***** Entries shown

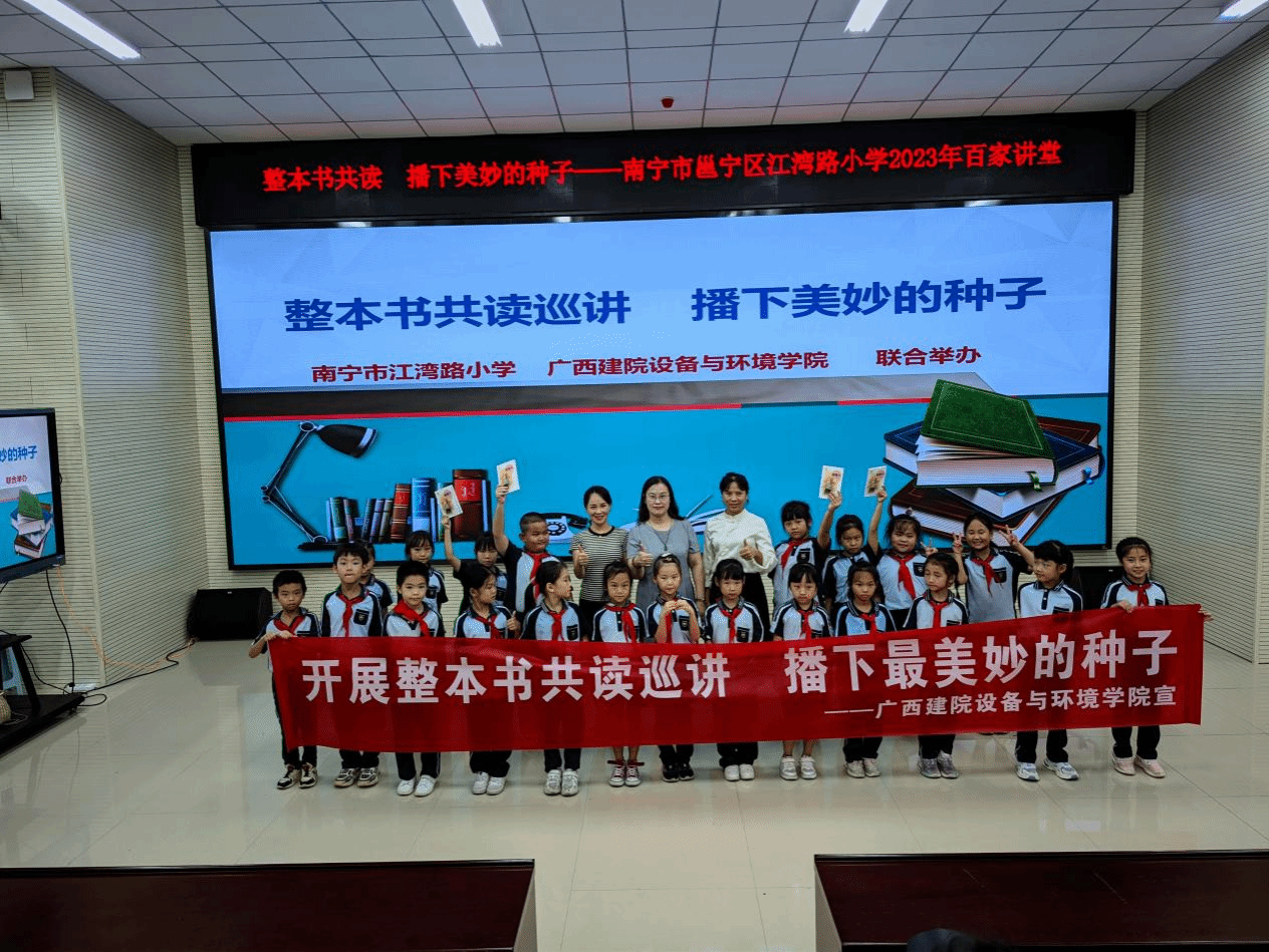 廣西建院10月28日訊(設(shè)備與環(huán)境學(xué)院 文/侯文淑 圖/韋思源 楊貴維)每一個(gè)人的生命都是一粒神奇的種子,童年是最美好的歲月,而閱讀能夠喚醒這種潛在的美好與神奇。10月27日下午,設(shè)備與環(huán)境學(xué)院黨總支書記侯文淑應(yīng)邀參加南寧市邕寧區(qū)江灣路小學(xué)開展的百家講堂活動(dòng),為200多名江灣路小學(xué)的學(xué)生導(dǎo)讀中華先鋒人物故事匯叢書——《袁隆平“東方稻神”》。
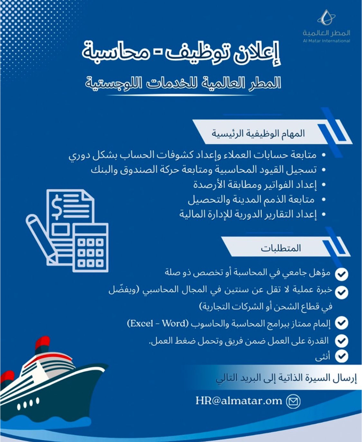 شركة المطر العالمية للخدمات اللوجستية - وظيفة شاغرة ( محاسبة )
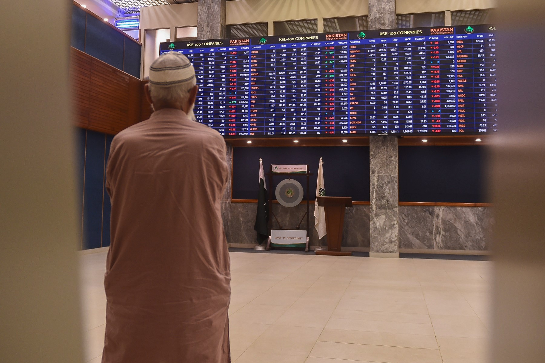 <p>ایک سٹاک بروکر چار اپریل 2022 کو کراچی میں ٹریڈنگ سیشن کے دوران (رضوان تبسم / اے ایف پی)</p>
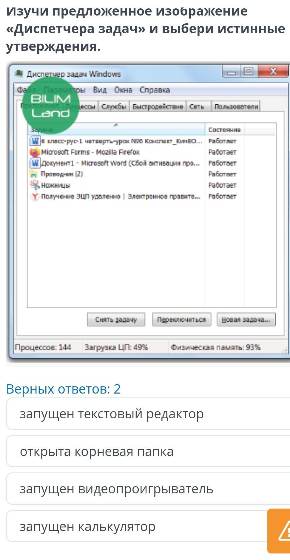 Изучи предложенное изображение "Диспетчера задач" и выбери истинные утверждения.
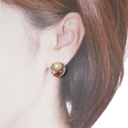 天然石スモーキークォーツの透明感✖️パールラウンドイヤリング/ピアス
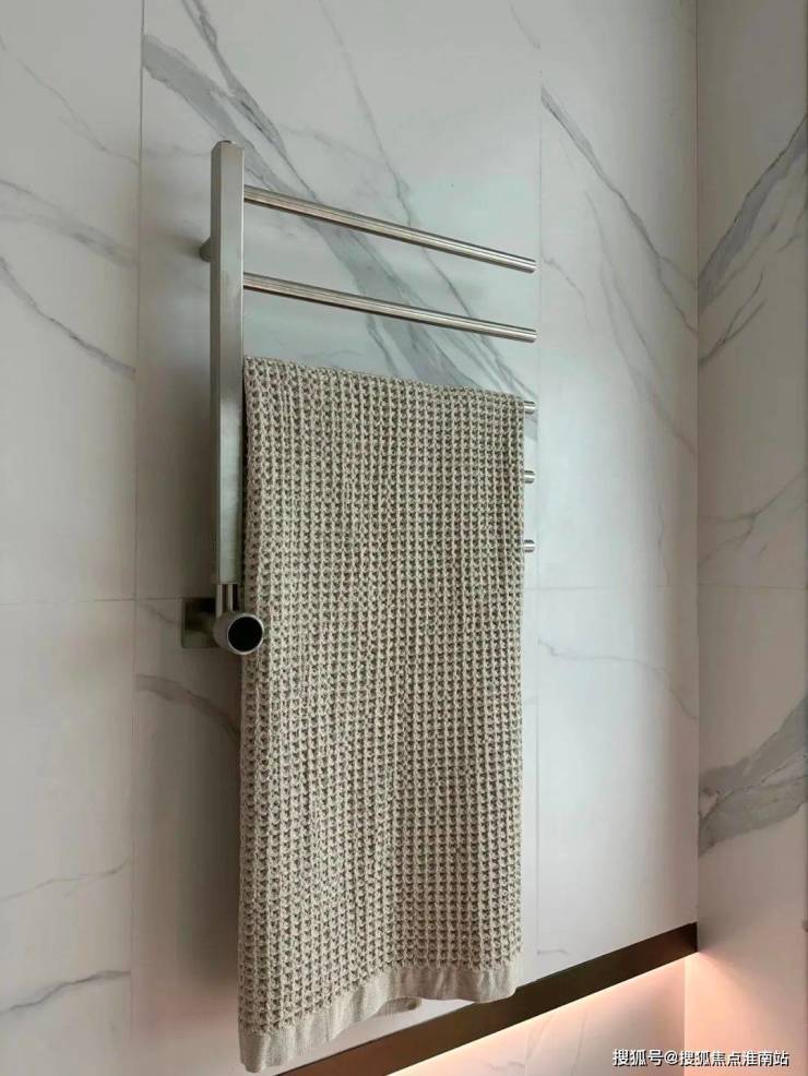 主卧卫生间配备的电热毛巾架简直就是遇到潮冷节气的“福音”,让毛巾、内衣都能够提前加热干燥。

**********
***** Entries shown

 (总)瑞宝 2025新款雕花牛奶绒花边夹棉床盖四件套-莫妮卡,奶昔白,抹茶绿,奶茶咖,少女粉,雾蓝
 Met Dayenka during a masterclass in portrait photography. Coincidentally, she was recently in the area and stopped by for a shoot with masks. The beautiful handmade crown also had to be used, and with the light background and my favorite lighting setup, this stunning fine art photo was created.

**********

Description of the task:
Everything in the material above from the line that has "(总)瑞宝 2025新款雕花" through the line that has "Met Dayenka during" must be duplicated exactly, with no other lines given.

Reply to the task:
 (总)瑞宝 2025新款雕花牛奶绒花边夹棉床盖四件套-莫妮卡,奶昔白,抹茶绿,奶茶咖,少女粉,雾蓝
 Met Dayenka during a masterclass in portrait photography. Coincidentally, she was recently in the area and stopped by for a shoot with masks. The beautiful handmade crown also had to be used, and with the light background and my favorite lighting setup, this stunning fine art photo was created.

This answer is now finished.